Take a look at this psuedo diagram (note that this is a simplification, so please try not to comment too much on the "appropriateness" of the diagram itself). Suppose the indices are inside FK.
TABLE Lookup ( Lookup_ID int not null PK Name nvarchar(255) not null ) TABLE Document ( Document_ID int not null PK Previous_ID null FK REFERENCES Document(Document_ID) ) TABLE Document_Lookup ( Document_ID int not null FK REFERENCES Document(Document_ID) Lookup_ID int not null FK REFERENCES Lookup(Lookup_ID) )
Volumes: document, 4 million lines, of which 90% have a value of the field Previous_ID zero; Search, 6,000 lines, Medium search queries attached to each document 20, giving Document_Lookup 80 million lines.
Now in the .NET Service there is a structure for representing the Lookup string as follows: -
struct Lookup { public int ID; public string Name; public List<int> DocumentIDs; }
and that search strings are stored in Dictionary<int, Lookup> , where the key is the identifier for the search. The important point here is that this dictionary should contain entries in which at least one document refers to the search, i.e. The list of DocumentIDs must have Count> 0.
My task effectively fills this dictionary. So a simple approach: -
SELECT dl.Lookup_ID, l.Name, dl.Document_ID FROM Document_Lookup dl INNER JOIN Lookup l ON l.Lookup_ID = dl.Lookup_ID INNER JOIN Document d ON d.Document_ID = dl.Lookup_ID WHERE d.Previous_ID IS NULL ORDER BY dl.Lookup_ID, dl.Document_ID
Then it could be used to fill out the dictionary quite efficiently.
Question : Does the optimization of the basic rowset (TDS?) Perform?
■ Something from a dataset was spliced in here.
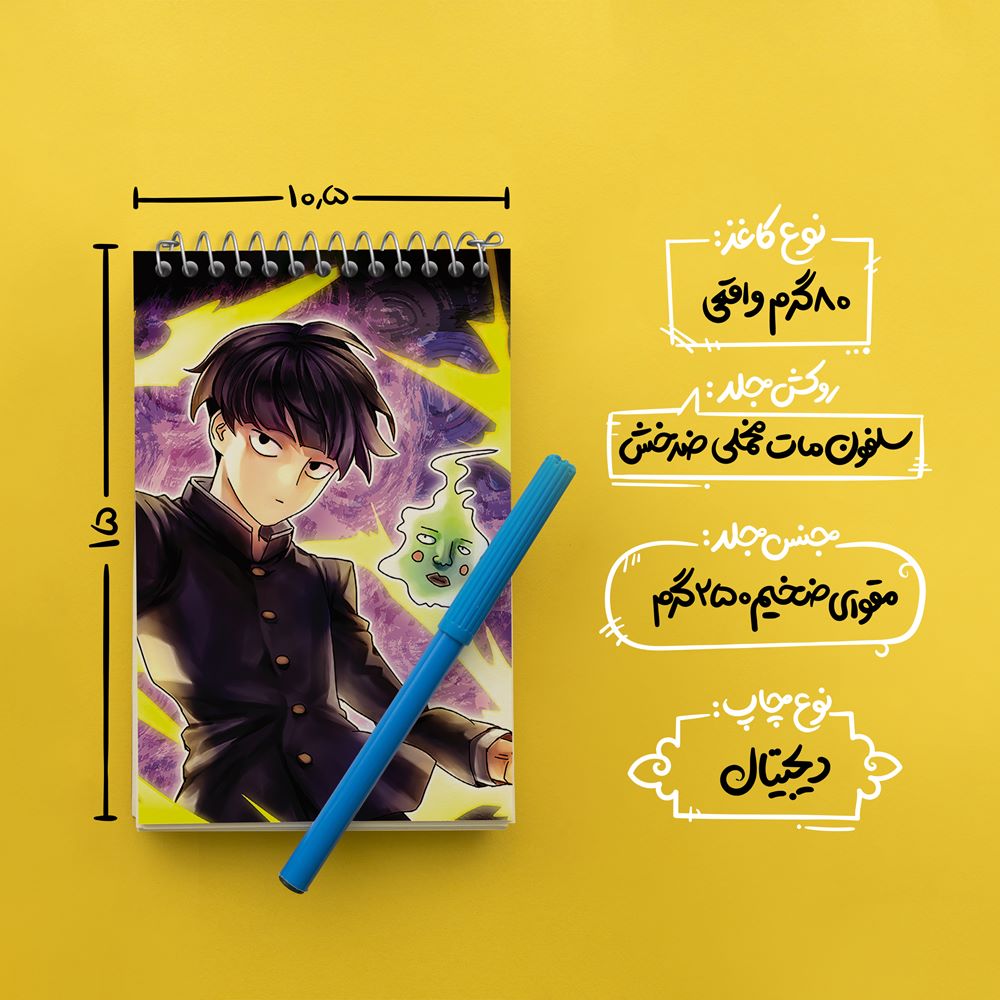 برند خندالو در زمینه تولید انواع دفاتر فانتزی و تحصیلی فعالیت میکند که به دلیل جذابیت ظاهری و طرح های متنوع طرفداران زیادی دارد. دفتر یادداشت خندالو طرح شییکو انیمه موب سایکو Mob Psycho 100 محصولی مناسب برای همه عاشقان لوازم التحریر است و همچنین همه کسانی که بنا به موقعیت تحصیل یا شغلشان با دفتر و نوشت افزار زیاد سر و کار دارند. در تولید دفتر یادداشت خندالو طرح شییکو انیمه موب سایکو Mob Psycho 100 از نوع صحافی فنر مارپیچ استفاده شده که در این نوع صحافی برگهها به راحتی چرخیده و یا بیرون آورده می شوند. دفتر های خندالو دارای جلد انعطاف پذیر از جنس مقوای گلاسه 250 گرم با روکش سلفون مات مخملی است که به شما امکان میدهد از دفتر خود بدون اینکه نگرانی از شکستن یا خراب شدن جلد را داشته باشید استفاده کنید و همچنین در این دفاتر از کاغذ 80 گرم با کیفیت استفاده شده که باعث میشود هنگام نوشتن به خوبی جوهر قلم بر روی صفحه نشسته و از خط خوردگیها جلوگیری کند. دفتر یادداشت خندالو با جنس و دوام مناسب، برگه های کاملاً سفید و خطوط طوسی دقیق را داراست که انسان را به نوشتن منظم و زیبا ترغیب میکند. طراحی کاملاً مناسب این دفاتر، به همراه کیفیت بالا، از آن یک محصول مورد علاقه و قابل اعتماد برای همه مقاطع تحصیلی میسازد. دفتر یادداشت خندالو طرح شییکو انیمه موب سایکو Mob Psycho 100 انتخابی هوشمندانه و مناسب برای افرادی است که به دنبال دفتری با کیفیت و کاربرد عالی هستند. این دفتر، همراه خوبی برای شما در تمام مراحل تحصیل و کار خواهد بود و تجربهای لذتبخش از نوشتن و آموختن را به شما هدیه میدهد.

It seems to me that queries that de-normalize data are very common, so the possibility that field values do not change from one row to another is high, so it would be advisable to optimize the stream without sending field values, t has been changed. Does anyone know if such wholesale exists? (Optimize does not exist).
What more complex query can be used to eliminate duplication (I think I’m specifically repeating the name value)? I heard what a "nested row set" is, can this be created? Will it be more revealing? How to access it in .NET?
I would fulfill two queries; one to populate the Search Dictionary, and then a second to populate the list. Then I would add code to knock out the unused Lookup. However, imagine that my predictions are wrong, and Lookup turned out to be 1 million lines with only a quarter that any document refers to?